> _Task requirements_
Dropping every picture, set down exactly the lines in the entries below, starting with the line with "1868, 25c, (2)" and going on through the line with "Retro Sunshine Grow".

> _Study material_
------------------------

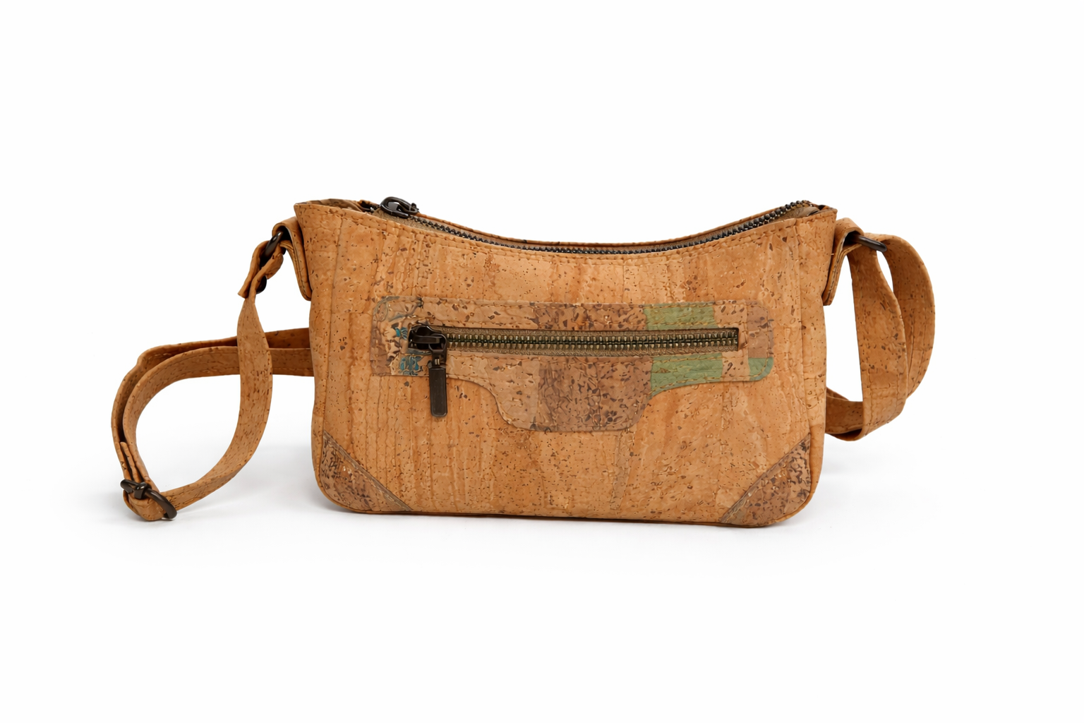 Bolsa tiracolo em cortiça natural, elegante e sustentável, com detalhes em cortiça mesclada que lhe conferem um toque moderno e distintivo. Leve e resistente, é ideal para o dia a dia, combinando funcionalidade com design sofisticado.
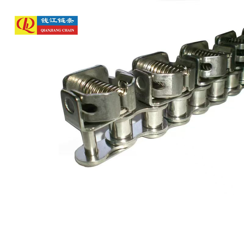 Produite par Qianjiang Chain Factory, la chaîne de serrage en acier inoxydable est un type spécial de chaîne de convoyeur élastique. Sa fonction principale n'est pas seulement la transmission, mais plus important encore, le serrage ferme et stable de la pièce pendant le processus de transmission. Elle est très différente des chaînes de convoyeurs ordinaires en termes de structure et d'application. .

------------------------

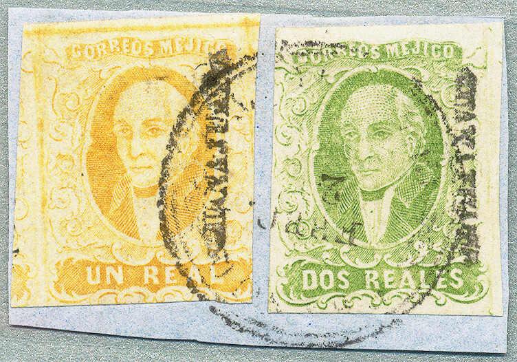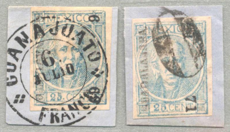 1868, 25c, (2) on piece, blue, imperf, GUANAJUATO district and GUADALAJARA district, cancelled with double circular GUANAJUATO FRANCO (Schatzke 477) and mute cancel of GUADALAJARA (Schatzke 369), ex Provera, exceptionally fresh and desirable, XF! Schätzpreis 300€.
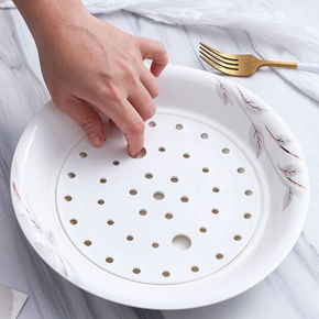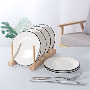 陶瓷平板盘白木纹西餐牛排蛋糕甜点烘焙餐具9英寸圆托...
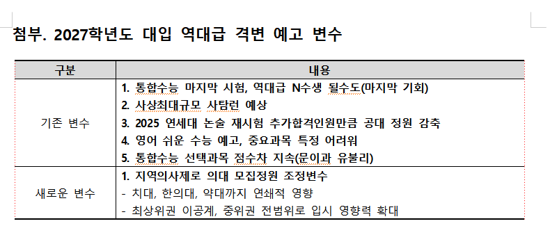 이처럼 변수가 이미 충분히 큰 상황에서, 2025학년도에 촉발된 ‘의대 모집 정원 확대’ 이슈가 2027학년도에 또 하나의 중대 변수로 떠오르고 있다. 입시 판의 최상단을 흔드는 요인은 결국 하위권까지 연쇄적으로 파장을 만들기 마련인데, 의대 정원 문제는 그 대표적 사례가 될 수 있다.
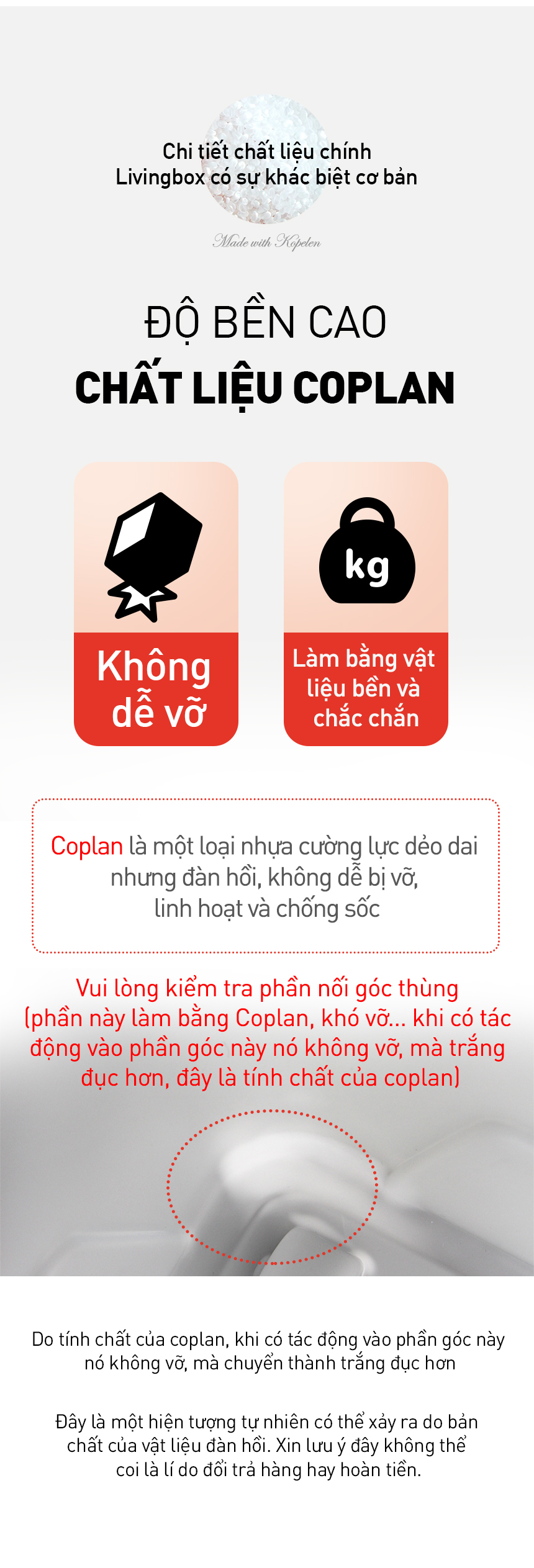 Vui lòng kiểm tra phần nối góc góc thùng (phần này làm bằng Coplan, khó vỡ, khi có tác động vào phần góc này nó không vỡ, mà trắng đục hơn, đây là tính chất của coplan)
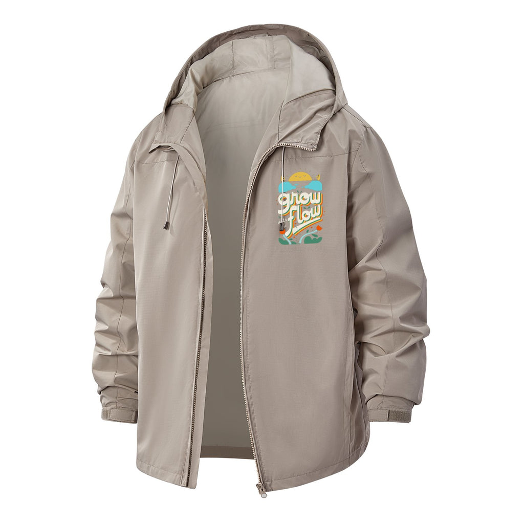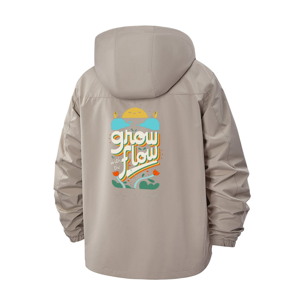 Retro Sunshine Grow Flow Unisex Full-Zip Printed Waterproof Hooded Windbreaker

------------------------

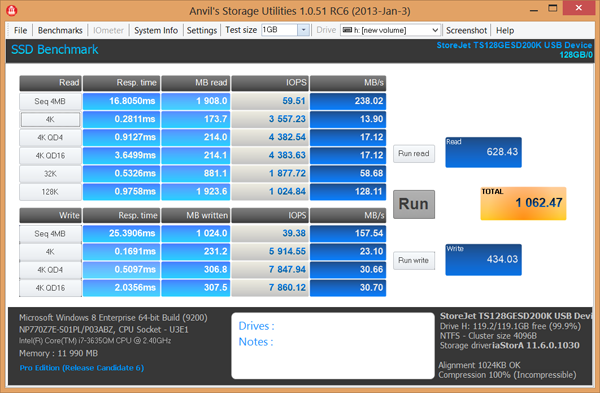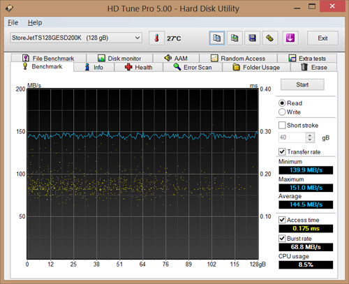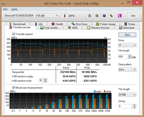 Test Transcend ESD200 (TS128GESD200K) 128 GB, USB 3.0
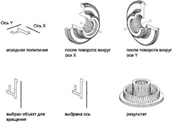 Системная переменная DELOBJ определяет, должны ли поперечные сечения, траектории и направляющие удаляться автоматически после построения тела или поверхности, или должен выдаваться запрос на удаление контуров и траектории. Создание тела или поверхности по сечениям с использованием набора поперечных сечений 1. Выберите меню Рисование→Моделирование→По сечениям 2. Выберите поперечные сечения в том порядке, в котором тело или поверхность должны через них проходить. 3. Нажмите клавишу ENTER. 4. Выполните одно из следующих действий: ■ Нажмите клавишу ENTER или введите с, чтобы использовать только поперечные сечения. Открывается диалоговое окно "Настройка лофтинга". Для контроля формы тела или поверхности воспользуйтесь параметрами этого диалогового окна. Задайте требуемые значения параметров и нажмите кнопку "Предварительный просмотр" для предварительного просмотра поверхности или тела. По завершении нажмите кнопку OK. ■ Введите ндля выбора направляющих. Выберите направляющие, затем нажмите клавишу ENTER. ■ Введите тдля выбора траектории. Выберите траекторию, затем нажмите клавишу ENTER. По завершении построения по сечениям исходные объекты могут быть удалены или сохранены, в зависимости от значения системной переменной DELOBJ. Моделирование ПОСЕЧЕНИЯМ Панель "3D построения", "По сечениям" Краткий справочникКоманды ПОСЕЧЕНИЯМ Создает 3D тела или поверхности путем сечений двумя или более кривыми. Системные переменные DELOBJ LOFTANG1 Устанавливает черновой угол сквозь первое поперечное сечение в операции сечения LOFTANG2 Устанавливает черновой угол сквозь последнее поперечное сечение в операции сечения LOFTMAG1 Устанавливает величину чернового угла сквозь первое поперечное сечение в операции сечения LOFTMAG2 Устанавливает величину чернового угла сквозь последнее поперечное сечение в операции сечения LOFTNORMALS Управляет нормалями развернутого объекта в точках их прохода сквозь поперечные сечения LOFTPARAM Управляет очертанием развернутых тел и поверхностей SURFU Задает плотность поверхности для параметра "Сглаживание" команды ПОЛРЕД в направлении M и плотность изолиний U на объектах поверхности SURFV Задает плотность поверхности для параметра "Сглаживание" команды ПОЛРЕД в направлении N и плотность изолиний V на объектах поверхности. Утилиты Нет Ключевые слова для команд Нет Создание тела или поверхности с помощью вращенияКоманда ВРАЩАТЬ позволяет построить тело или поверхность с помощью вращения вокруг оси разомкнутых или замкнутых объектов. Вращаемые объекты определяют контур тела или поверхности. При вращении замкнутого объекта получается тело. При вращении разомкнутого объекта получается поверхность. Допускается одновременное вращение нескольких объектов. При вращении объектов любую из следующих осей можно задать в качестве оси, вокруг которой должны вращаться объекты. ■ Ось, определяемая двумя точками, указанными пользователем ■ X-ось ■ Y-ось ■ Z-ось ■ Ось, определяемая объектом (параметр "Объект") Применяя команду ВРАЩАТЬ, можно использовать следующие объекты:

------------------------

> _Response to the task_
 1868, 25c, (2) on piece, blue, imperf, GUANAJUATO district and GUADALAJARA district, cancelled with double circular GUANAJUATO FRANCO (Schatzke 477) and mute cancel of GUADALAJARA (Schatzke 369), ex Provera, exceptionally fresh and desirable, XF! Schätzpreis 300€.
 陶瓷平板盘白木纹西餐牛排蛋糕甜点烘焙餐具9英寸圆托...
 이처럼 변수가 이미 충분히 큰 상황에서, 2025학년도에 촉발된 ‘의대 모집 정원 확대’ 이슈가 2027학년도에 또 하나의 중대 변수로 떠오르고 있다. 입시 판의 최상단을 흔드는 요인은 결국 하위권까지 연쇄적으로 파장을 만들기 마련인데, 의대 정원 문제는 그 대표적 사례가 될 수 있다.
 Vui lòng kiểm tra phần nối góc góc thùng (phần này làm bằng Coplan, khó vỡ, khi có tác động vào phần góc này nó không vỡ, mà trắng đục hơn, đây là tính chất của coplan)
 Retro Sunshine Grow Flow Unisex Full-Zip Printed Waterproof Hooded Windbreaker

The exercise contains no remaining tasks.